Yes, that would be the most likely way for SQM to break, but I think someone reported selectively downgrading SQM on the just released OpenWrt reduced the CPU load. Not sure about the root cause but it would help if one of the three commits in SQM could be shown to make a difference. Alas, I am in no position to really test that, so need to recruit volunteers...

I cannot explain why, but now, I am getting 38-40% CPU usage with fq_codel/simplest.qos shaping with 900000 kbit/s downstream and 24000 kbit/s upstream. Really good performance on the waveform bufferbloat test. Point is no where near saturation now. I did not change any SQM packages.

Hi,

this is my first post, so I'm sorry if this is the wrong place to ask but was this issue completely fixed by switching to the UE300 or is the change that's discussed here still needed?

I have a very similar setup, RPi4B with a UE300 currently running 21.02.0-rc4 and sqm-scripts 1.5.0-2. Since I specifically got it for running CAKE (for gaming) I'm not sure if I should wait until a fixed sqm-scripts package becomes available or upgrade to 21.02.0 stable and 1.5.1-1 right away.

I'd also volunteer to run some tests but I don't know if I'd be of much help since I'm not knowledgeable enough to just edit the files myself.
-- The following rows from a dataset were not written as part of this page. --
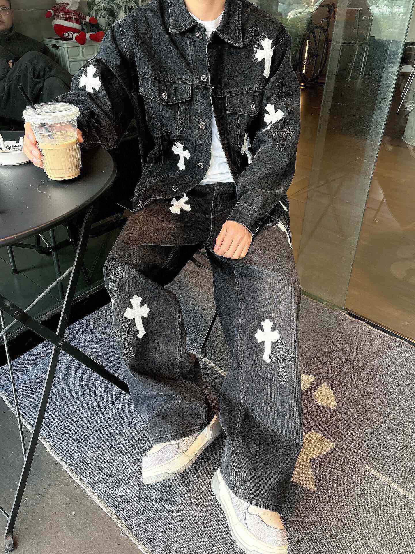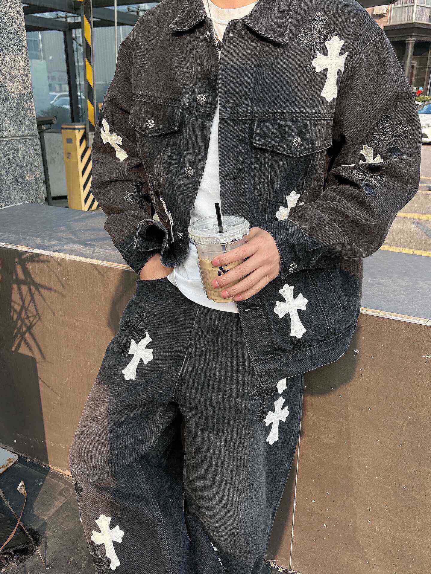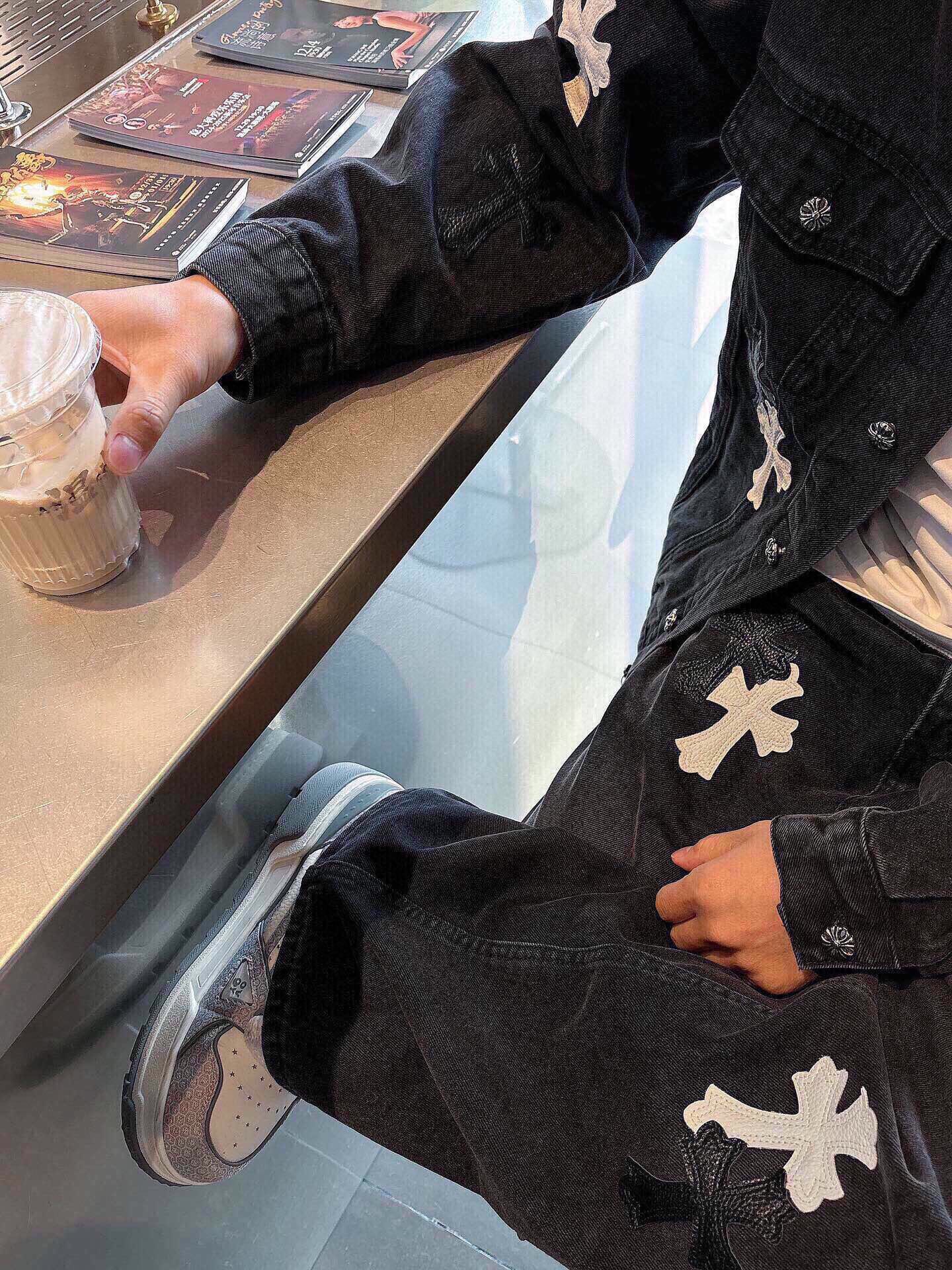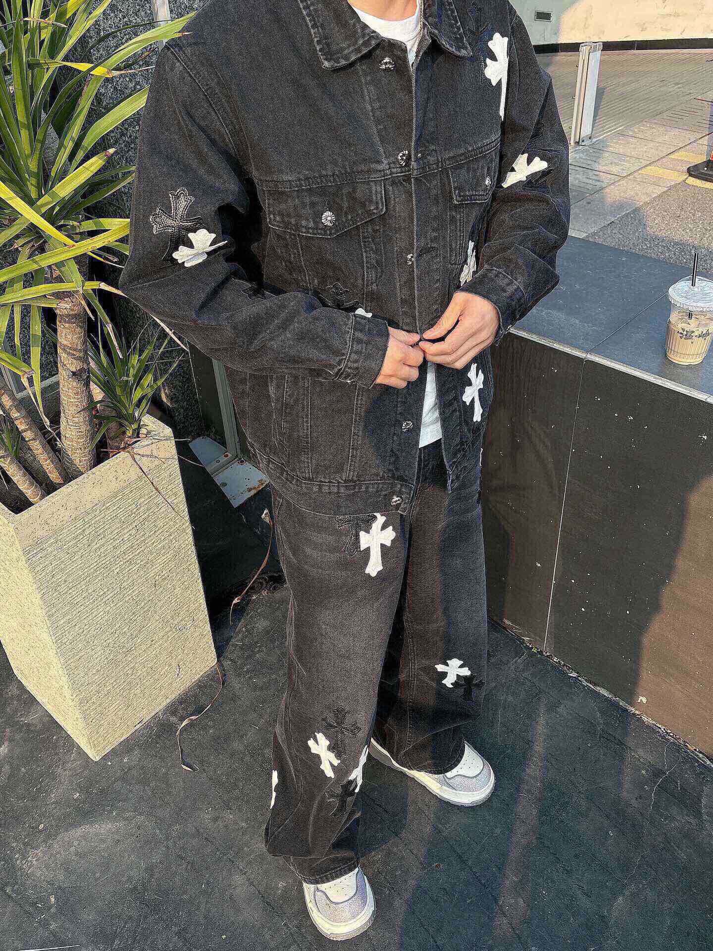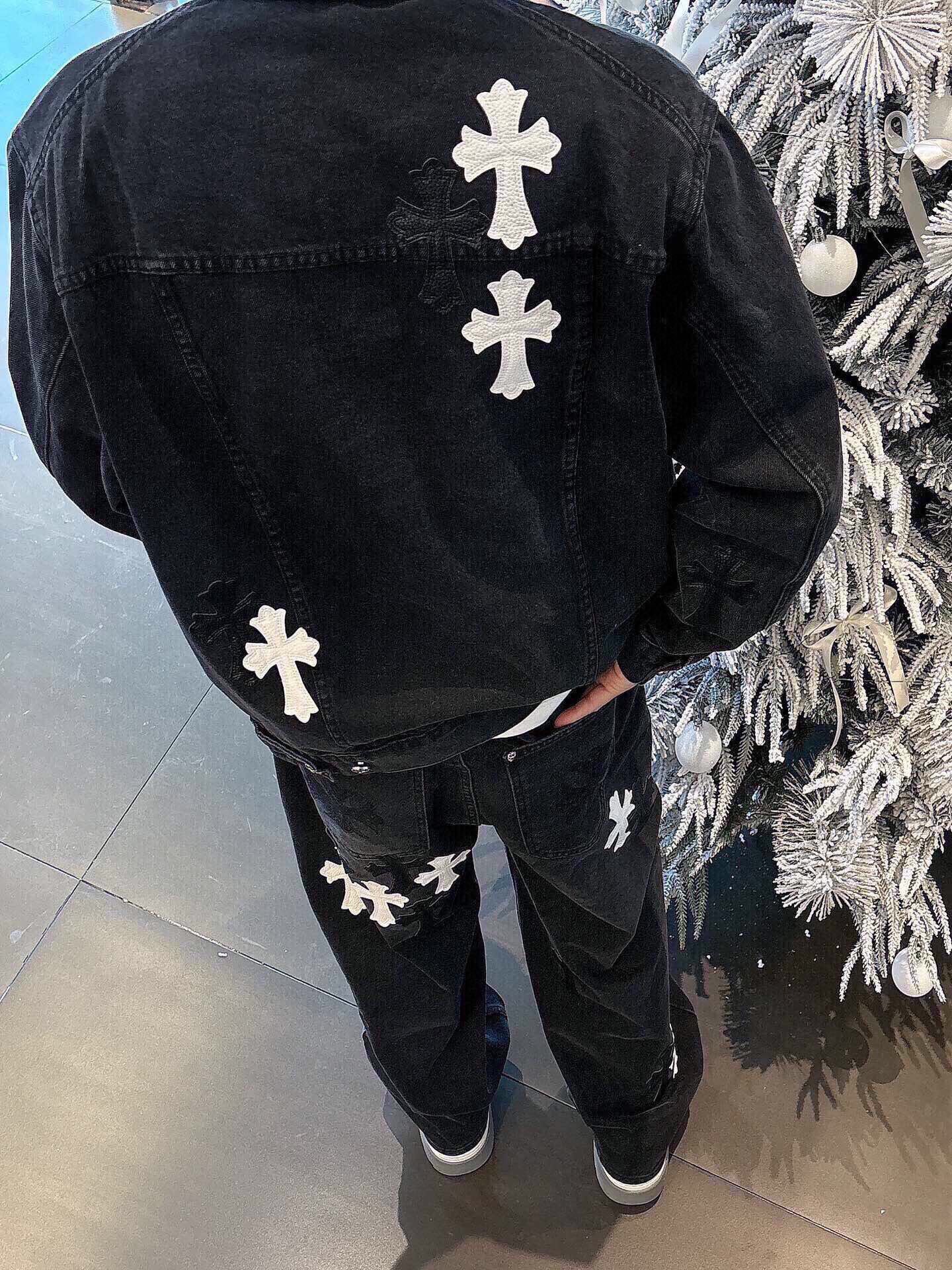 这款衣服是AAAAA 1:1 质量 (非常棒). 使用了和原版一模一样的材料. 商标部分也保持了和克罗心/Chrome Hearts一样. 图片拍摄是实物衣服拍摄, 您所收到的实物保证和我们图片一模一样.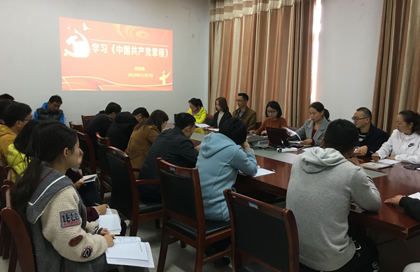 本次会议共有“书记上党课”“党建工作部署”两项议程。会议伊始,全体党员在何亚梅书记的带领下系统的学习了新修订的《中国共产党章程》。何亚梅首先介绍了《中国共产党章程》的学习重要性及其发展史,并带领大家共同学习章程总纲和基本条文。学习中,何亚梅重点解读了章程中新修改的条文,并突出了十九大章程修改的主要特点和主要原则。何亚梅指出,党章是所有共产党员工作、生活的行动纲领,每个共产党员要切实加强党章的学习,并对学习章程提出“三个要”:一是党章要学要精益求精的学;二是党章要用,要求政务实的用;三是党章要敬,要奉为圭臬的敬。党员们重温了《中国共产党章程》,详细了解了章程新修订内容。
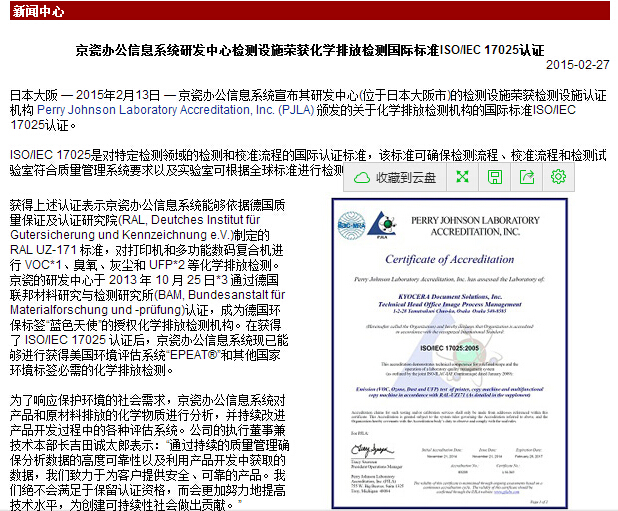 京瓷办公信息系统研发中心检测设施荣获化学排放检测国际标准ISO/

I have no explanation for the massive difference. The several things that changed including a new ethernet cable and physically relocating the RPi4 to a different room/plugging it into some pre-wired panels. I found cake on this hardware to be inferior to fq_codel/simplest in my case.

Cake does a bunch of stuff that the simplest script doesn't. If you don't need those things then the simplest script is fine. Mainly they have to do with load balancing across multiple IPs and such. For a relatively small deployment with fast internet it may be overkill.

I ran some tests using cake/layer cake and cake/piece of cake on my RPi4.

I found nearly identical results using cake or fq_codel. Average of 2 runs presented in table. Also, despite maxing out one core, cake preformed likely within error of the others.

Please note that shaper settings are always gross rates, while speedtests report net throughput (also called goodput)

For a normal link layer (so not ATM) you can calculate the expected maximum goodput from shaper gross rate and per-paket_over-head setting as follows:

gross_shaper_rate * ((packet_size - Internet_layer_overhead - Transport_layer_overhead - Application_layer_overhead) / (packet_size + SQM_overhead))

Application_layer_overhead is often not well known, but for on-line speedtests the HTTP/HTTPS encapsulation will be relative small and can be ignored.

So in your case we fill in the numbers (partly by guess-work):
paket_size: for a speedtest it will be mostly as large as possible which means ~1500 Bytes
Internet_layer_overhead: for IPv4 that is 20B, for IPv6 40B
Transport_layer_overhead: for an online speedtest almost invariably TCP (until QUIC will take hold), probably without TCP options, but if there are options it most likely be TCP timestamps (rfc1323) 12B
Application_layer_overhead: relative little spread over a number of packets, so we just ignore that: "0B"
SQM_overhead: what ever you configured, and if you configured nothing it will be the kernel's default of 14B, since I have no clue what you configured, but simply assuming that on a Gbps-link your ISP uses true ethernet without a vlan tag, we just assume 38B

900 * ((1500 - 20 - 20 - 0)/(1500 + 38)) = 854.36 Mbps

Given the uncertainties in my calculations, all three results seem reasonably close to the theoretical limit.